All the eps are on Netflix if you have it.
Also another great show, Whose Line Is It Anyway?
I LOVE improv comedy


----------



## SixSenseEagle (Aug 29, 2012)

ShadowSoldier said:


> I'm adding a bit:
> 
> Flashforward - Most amazing show I have ever seen and am super pissed off and will never forgive ABC for not renewing it for a second season.
> Community - Funny as hell
> Blue Mountain State - Funny as hell


I never heard of those first two, but blue mountain state... Aw man thats so funny, I remember it was a episode when they did a oreo cookie race (Sigh) LMFAO.
Edit: Nvm I heard of community my favorite comedian Donald glover in it.


----------



## Terenigma (Aug 29, 2012)

*My best 5*
Firefly
House
Red dwarf
NCIS
Blackadder

*Worst 5*
Joey
extras
Celebrity big brother
the cleveland show
the royle family


----------



## DiscostewSM (Aug 29, 2012)

chavosaur said:


> Also another great show, Whose Line Is It Anyway?
> I LOVE improv comedy





Spoiler



[yt]z86EGt3GuPw[/yt]


If only they'd release more than just the first 2 seasons. There is like 7 or 8 total, right? I had to find "other" methods to obtaining them.

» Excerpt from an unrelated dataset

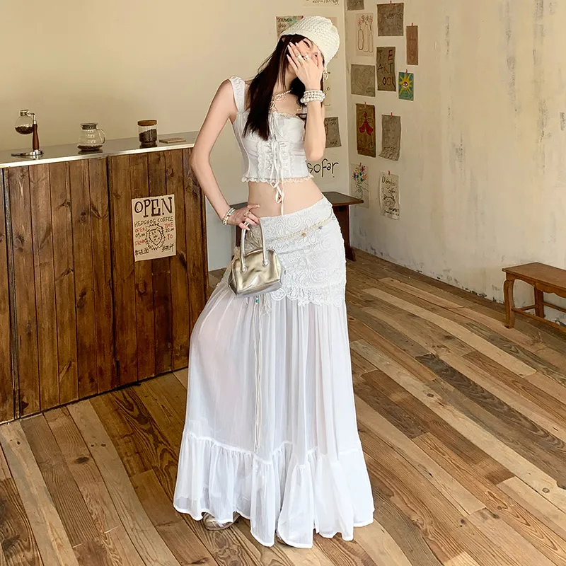 MEISIDUO Белый Юбка Женские Повседневные Длинные Юбки
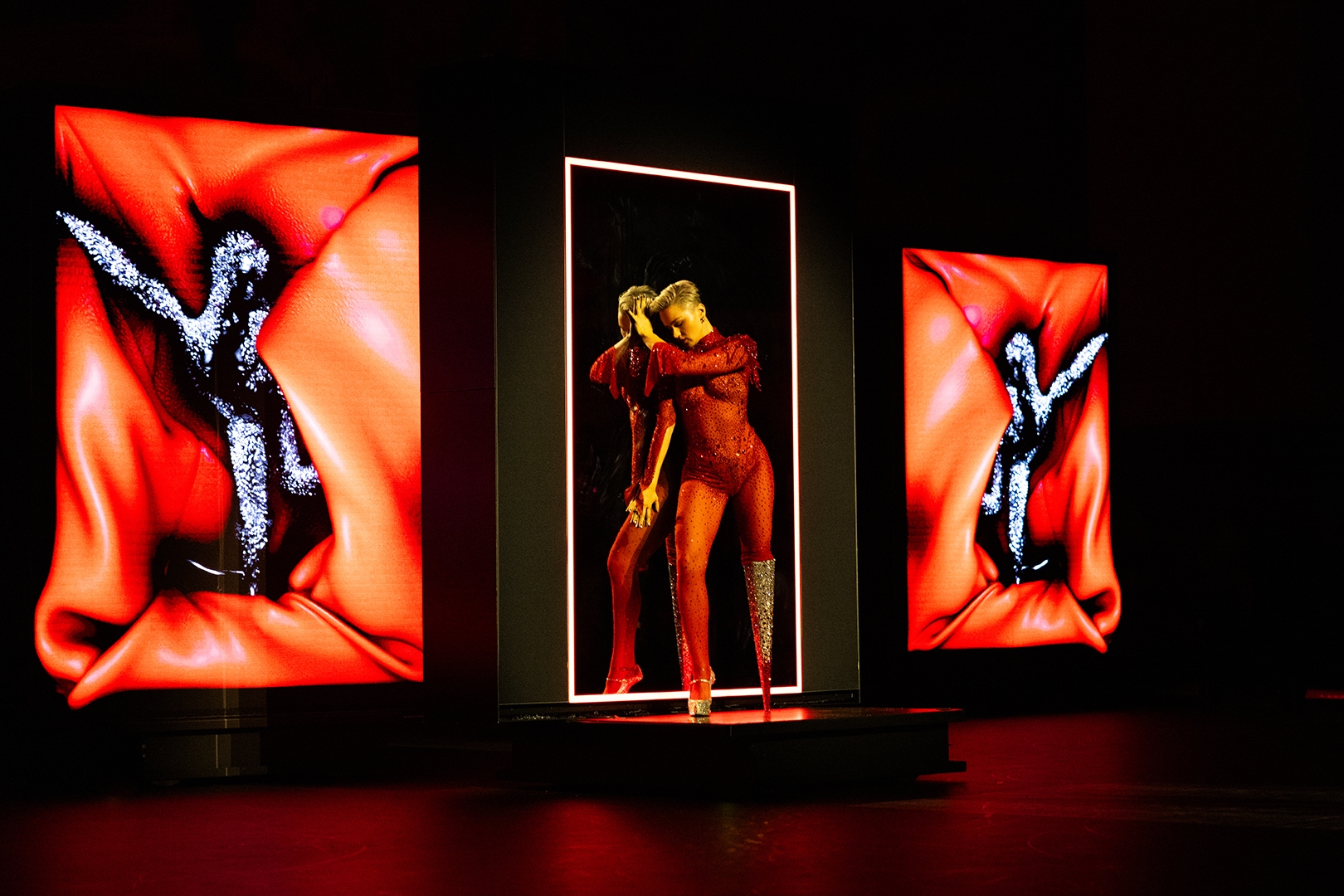 Ao lado de Viktoria, dezesseis intérpretes interpretam um estilo de dança contemporânea que amplifica os movimentos do corpo. Ao longo de sua performance, os dançarinos são justapostos a telas em movimento criadas pela Aumovis, uma empresa líder alemã em paredes de LED autônomas, com as telas seguindo a coreografia dirigida por Larbi e conduzida por um computador.

Now, to wait and see who will chime in to consider MLP as one of the worst TV shows just to be funny.


----------



## gloweyjoey (Aug 29, 2012)

in no particular order: the simpsons, teenage mutant ninja turtles, rugrats, doug, merry melodies/luneytoons, tiny toon adventures, ren and stimpy, roseanne, friends, will and grace, king of the hill, futurama, american dad, bobs burgers, home MOVIES, beavis and butthead, freaks and geeks, weeds, big love, californication, hell's kitchen, kitchen nightmares, iron chef, breaking bad, malcom in the middle, that 70's show, bill nye the science guy, good eats, news radio, penn and teller bullshit, phineas and ferb, adventure time, regular show, mission hill, family guy


----------



## Guild McCommunist (Aug 29, 2012)

Big Bang Theory humbly deserves a spot at worst. It's ironic that a show about "smart people" is watched by so many idiots.

Best, hmm...
Arrested Development: Masterfully written and plotted. Very funny with great characters.
Community: Also masterfully written and there's a lot of great characterization.
Star Trek: Groundbreaking and while not particularly aged well, it's iconic.
Star Trek: TNG: A bit better aged than the original Star Trek while still keeping a lot of what makes Star Trek great. My favorite Star Trek series hands down.
The Walking Dead: A very good character drama. Although Carl needs to stay in the fucking house.
That's all I can really think of.


----------



## Gahars (Aug 30, 2012)

For my best... Community, Babylon 5, Star Trek The Next Generation, Arrested Development, and Futurama would top the list for me. I just started Breaking Bad a bit ago and I'm really digging it, so I'm sure it will work it's way into the list soon enough.


----------



## ShadowSoldier (Aug 30, 2012)

Guild McCommunist said:


> Big Bang Theory humbly deserves a spot at worst. It's ironic that a show about "smart people" is watched by so many idiots.
> 
> Best, hmm...
> Arrested Development: Masterfully written and plotted. Very funny with great characters.
> ...



Honestly, the Walking Dead got so god damn boring for me that I have to start over from episode 1 if I want to get back in the show again.


----------



## koimayeul (Aug 30, 2012)

My awards :

Top 3 Best - Dexter, The Simpsons, Southpark.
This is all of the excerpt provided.